We can trace this sentiment back to Frank Ramsey and Ludwig Wittgenstein in the late 1920s. They decided that only experts could credibly handle the lessons of modern science and maths,  In effect, they were presuming that the deep thinking needed was going to be done by the theorists (the scientists and mathematicians) themselves.

The only trouble was, it wasn’t.

These ‘theorists’ had been indoctrinated from an early age into the notion that science and maths can only make progress by working in a piecemeal way.  They were ‘piecemeal theorists’ and they knew that if they tried to take-on the full gamut of the human condition, they would fail as surely as an aeroplane trying to fly off into empty space.

Peter Medawar summed up the problem when he observed that scientists must always pursue the <<art of the possible>>.  There were bits of the jig-saw of physical reality which were ripe (ready) to be understood. A scientist’s best hope of making progress was to cultivate her or his awarenesses in such ripe problem areas. Trying to do more was hubris.

Unfortunately the wide problematic areas which already looked so daunting in the 1920s have spread and spread.  Too much piecemealing and too little perceptive over-viewing have left us in an unholy mess.  In ‘pure’ maths the results of a century of “doing your own thing” have created Ulam’s Dilemma —a wasteland of millions of idiosyncratic hyper-abstract efforts. (Sadly a demotivating wasteland, because what good has been achieved by all this effort?)  The leaders of physics have been humiliated by their own discoveries. They have had to eat humble pie and acknowledge that most of the mass of the universe is “dark” … which means that we haven’t the faintest idea what it is like, or what laws it follows.

So what can be done?  Well, for more than 300 years there has been a sense of unease in the humanities, because it was widely felt by the most perceptive and creative people that mathematics was being over-done. The outline values of maths were its push for rigid rules, structure and regimentation. For countless centuries it was the Official Story that maths was the supreme form of human knowledge… along with the corollary that you can’t have too much of a good thing.  But you can. In the 18thcentury this was all-too obvious, in the toleration of dreadful satanic mills and obscene slavery —which supplied the tobacco, coffee, sugar and cotton the newly rich UK middle class craved.

Now the dust has settled, at last and… surprise, surprise… anti-mathematics has emerged. It explains exactly why there was a subliminal dread of too-much oppressive maths for so many centuries. Maths can no longer boast that it is the unchallenged, supreme pinnacle of human knowledge.  A rival, 100% abstract, 100% lucid logos was lurking in the shadows all along: the potential study of the intrinsic logic of transience.

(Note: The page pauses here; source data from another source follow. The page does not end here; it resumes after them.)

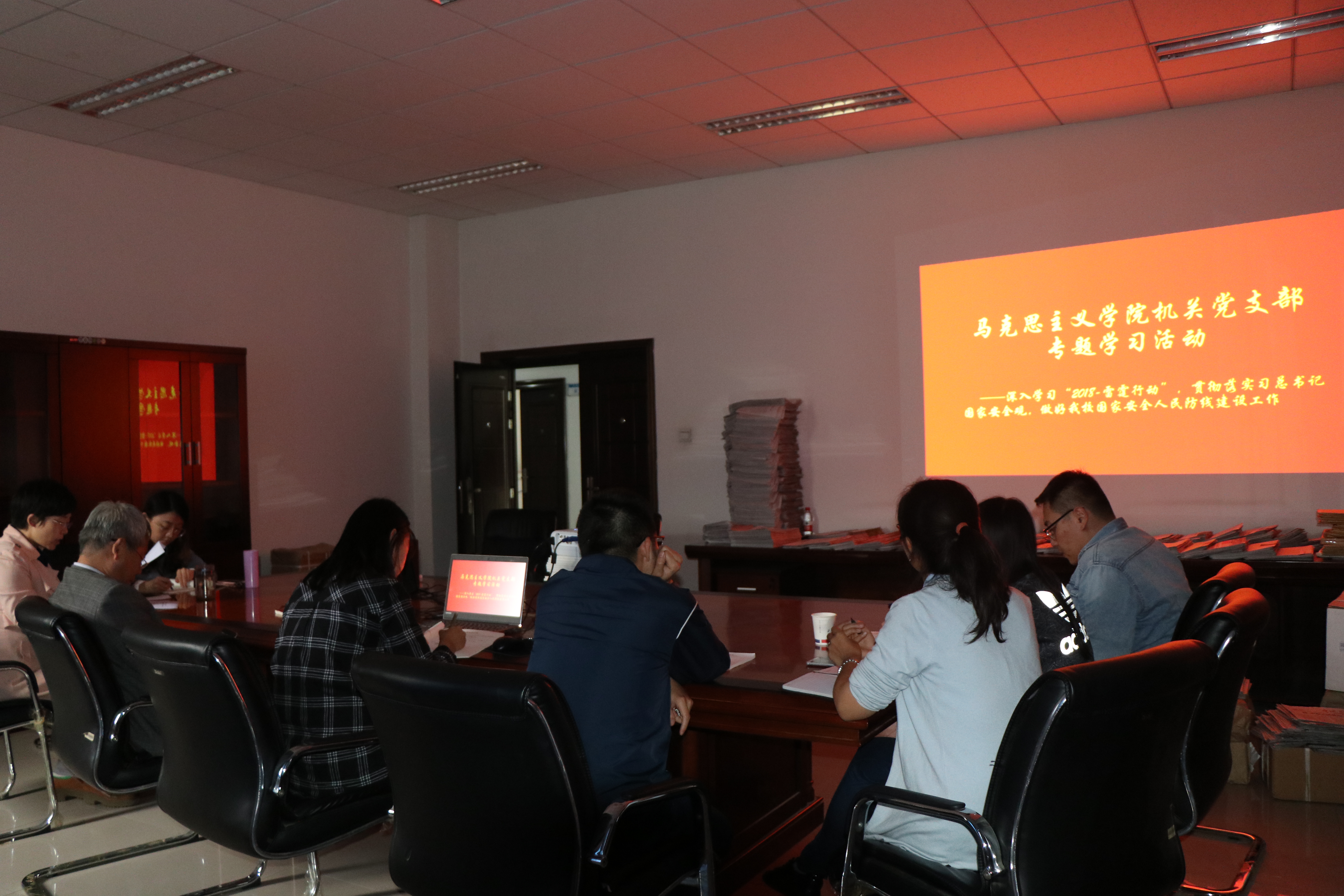 为深入贯彻落实习近平总书记总体国家安全观思想,做好公司国家安全人民防线建设工作,2018年9月19日下午三点,马院机关党支部组织全体党员在公司楼209观看学习“2018-雷霆行动”专题视频。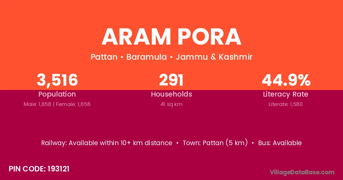 Pattan (5 km) is the nearest town to Aram Pora village for major economic activities and is located approximately 5 km away.
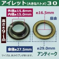| 足の種類:座金あり 品 名:アイレット30【アンティーク】ブロンズ サイズ:内径15mm 傘径28mm高9mm 材 質:真鍮 表面処理:アンティーク塗装 詳 細:3セット入1袋 ご注意ください:お手持ちの工具によっては、 合わない場合もございます。 ●ハトメの大きさは下記です。 ・かけるのハトメはコチラ ・ハトメはコチラ ・両面ハトメはコチラ ・アイレットはコチラ ●ハトメお得セットは下記です。 ・小袋セット ・リーズナブルなお得セット ■クラフト金具卸のハトメ金具 ハトメは、鳩目とも書き、布・革・シート・紙に等あけた穴の補強具として使われます。 補強しようと思う穴の大きさからハトメの内径を選び、布や紙・革の取り付ける物の合計厚みからハトメの高さをお選びください。 特にハトメの「高さ」については、取り付ける物の合計の厚みにプラス+2mm〜3mmした高さを持つハトメを選ばなければ止まりません。 例:高さ5mmのハトメは革・布の厚み合計が3mmないし2mmのものに適します。ただし、材質により止まり具合は異なりますのでご確認ください。 アイレットは、ハトメの大きなものを言い、カーテンのホール、建設現場のテント、シートのロープ通し用の穴などに使われています。 ●当店では、真鍮製のハトメとアルミ製、ステンレス製のハトメを扱っております。 真鍮製のハトメは、安価な鉄製のハトメと違い、鉄錆を始めとする腐食に強いのが特徴です。アルミ製は、真鍮よりも柔らかく軽い仕上がりになります。 ●ハトメの取り付け方 1.ハトメ抜き・穴あけポンチと呼ばれる工具でハトメの足を通す穴(ほぼ内径と同寸法の穴)をあける。 2.その穴にハトメの足を通し、革(布など)を挟む形でハトメ座をあてます。 3.最後にハトメ足を潰します。ハトメ足を潰すには、A.手打棒と皿で手打ちするかB.専用の駒をセットしたハンドプレスで足を潰す2種類の方法があります。手打ち棒と皿で打つ場合は、制作する方の熟達度合いによっても仕上がりは異なります。力の弱い方は、手打ち工具よりもハンドプレス機をおすすめします。 |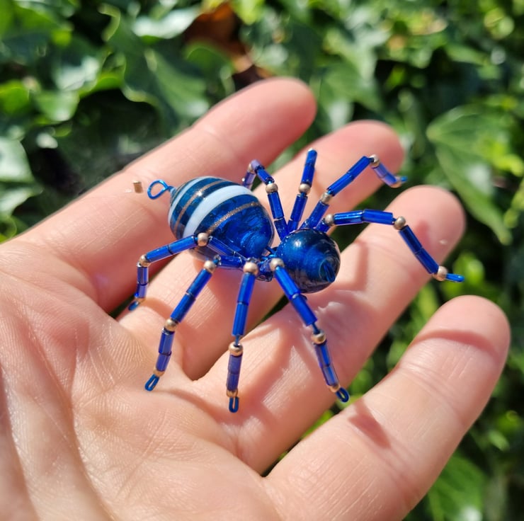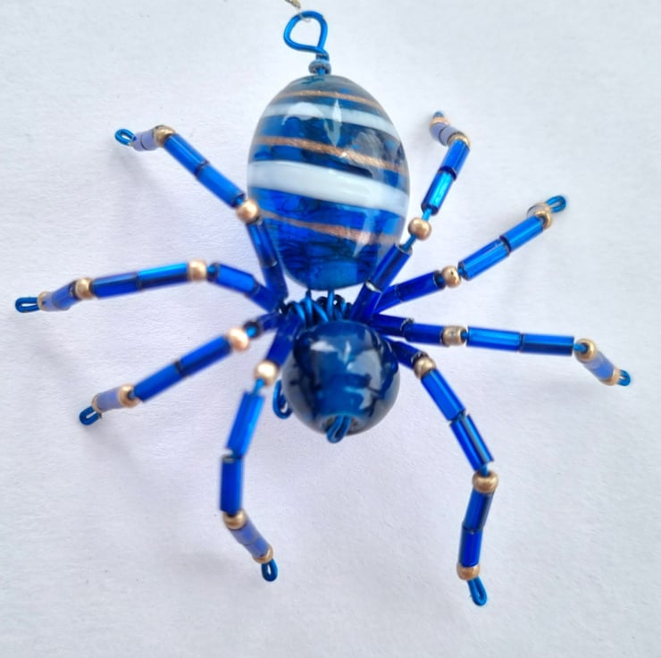 This listing is for one spider. Please note the last picture shows a different spider and is to show the monofilament 'spider silk' that she will be supplied with. This will be in a hanging kit consisting of the 'spider silk' and a small hook. You can use this kit to hang her from your Christmas tree, plants, shelving ect or leave it off and have her as a stand alone decoration.

Some sceptics seem to think that anti-mathematics is a chimera.  I’m afraid they are clutching at straws.  It can no more be undiscovered than the binomial theorem.  It is still in its infancy, but its mere presence dispels at a stroke the grandiose mystic overtones which have glorified ‘pure’ maths for more than two millennia. It implies a veritable summersault in our view of the human condition. There is, thank goodness, some light at the end of the tunnel.